Het was onder het Ministerie-Heemskerk dat onze Minister van Oorlog, Sabron, uit den Ministerraad het verlangen meebracht om - niettegenstaande reeds tot het uiterste was bezuinigd - de Begrooting van Oorlog met nog een ton te verminderen. De post van f 100.000 voor het aanschaffen van laken moest vervallen en daarmede het lofwaardig voornemen van den Minister om - ieder jaar een redelijk bedrag bestedende - een voorraad te vormen voor het geval van mobilisatie. En toen daarna nòg meer moest worden bezuinigd werd de maatregel bevolen om, in plaats van twee paar (passende) schoenen per man op te leggen, slechts één paar per twee (2) man in voorraad te houden.

Dit zij genoeg om begrijpelijk te maken hoe onze Infanterie in 1914 zoo spoedig door de pantalons, de tunieken en de schoenen heen was en hoe toen met man en macht is moeten worden gewerkt in de laken- en schoenfabrieken totdat daar de voorraad wol en leder was opgebruikt.

Ongeveer hetzelfde gold voor hoefijzers, scherp beslag en andere behoeften voor het paard. Voor mijn geest kwam hetgeen ik gezien had van de voorzorgen, die normaal, in vredestijd, in Duitschland waren getroffen.

Daar was voor ieder man van de oorlogssterkte een spiksplinternieuw pak voor de mobilisatie opgelegd, terwijl in de ‘Bekleidungskammer’ van elk onderdeel nog voorradig waren per man een bijna gloednieuw pak voor de ‘Kaiserparade’, een tweede pak voor de gewone parades en een ‘Zondagspak’, terwijl de man in eigen bewaring had een uitgaanspak, een exercitiepak en een corvee-pak! Voor de harnachementen der paarden was in Duitschland evenzoo goed gezorgd.

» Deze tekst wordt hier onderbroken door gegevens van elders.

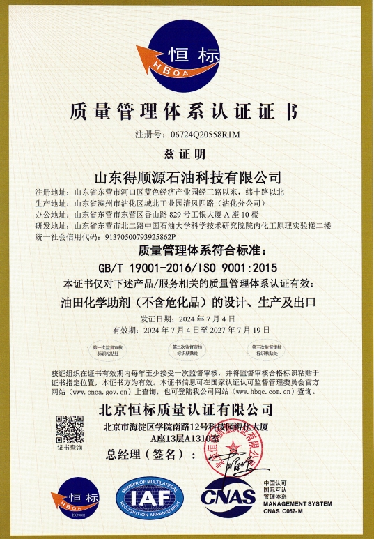 2024年7月4日,公司接到北京恒標(biāo)質(zhì)量認(rèn)證有限公司通知,順利通過了質(zhì)量管理體系、環(huán)境管理體系和職業(yè)健康安全管理體系認(rèn)證的再認(rèn)證審核,符合認(rèn)證標(biāo)準(zhǔn)的要求,繼續(xù)保持認(rèn)證注冊(cè)資格,證書持續(xù)有效。

De eerste oorlogsbuit (als ik dat maar zoo noemen mag), dien wij kregen, was een aantal paarden der Cavalerie, die, bij den strijd van afgezeten ruiterij om den Maasovergang bij Lixhe (nabij Visé), op hol waren geslagen en over onze grens kwamen. Ik zie nog de splinternieuwe harnachementen, waarbij dekens, welke weliswaar het jaartal 1908 droegen, doch die blijkbaar nog nimmer vóór 1 Augustus 1914 waren gebruikt! Intusschen heeft onze Regeering zich dadelijk beijverd om, zij het dan ook à prix d'or, voor onze mannen te zorgen.

Op den geest van den troep heeft het geen neerdrukkenden invloed gehad, dat zij zooveel minder goed gekleed waren dan de collega's over de grens. Onze mannen waren nog wel niet ‘nus et mal nourris’ als die waarmede Napoleon Bonaparte de Alpen overtrok, hun belovende dat zij in de rijke Povlakte alles in overvloed zouden vinden. Maar heel ver was het er niet af!

Toch hielden onze soldaten den moed erin! Het was bewonderenswaardig zoo als zij, in de natte heistreek aan de Noordbrabantsche grens, in den winter zich hielden tegenover de Duitsche posten die, in dikke bontjassen en bontlaarzen, de koude en den snerpenden wind zooveel beter konden doorstaan dan onze mannen in hun eenvoudige plunje.

Onze mannen wilden in flinkheid en in de inachtneming van uiterlijken vorm voor hun collega's aan de overzijde niet onderdoen; zij namen bij het overnemen van hun post of bij een inspectie een stramme houding aan en klapten met de hakken zooals ze dat nog nimmer hadden gedaan; en zij deden hun ‘melding’ op niet minder duidelijke en vormelijke wijze dan aan den anderen kant geschiedde! Maar.... koud hadden zij het! [...].

Personalia Willem Hendrik van Terwisga (1861-1948)
Luitenant-generaal W.H. van Terwisga was tijdens de mobilisatie van 1914 commandant van de IIIde Divisie. In 1915 werd hij benoemd tot Commandant van het Veldleger, welke functie hij de rest van de mobilisatieperiode vervulde.
In het Herinneringsboek 1914-1918 van de Nationale Bond ‘Het Mobilisatiekruis’ (1939) kijkt hij uitgebreid terug op deze mobilisatieperiode. Het fragment dat hierboven is weergegeven had oorspronkelijk geen titel.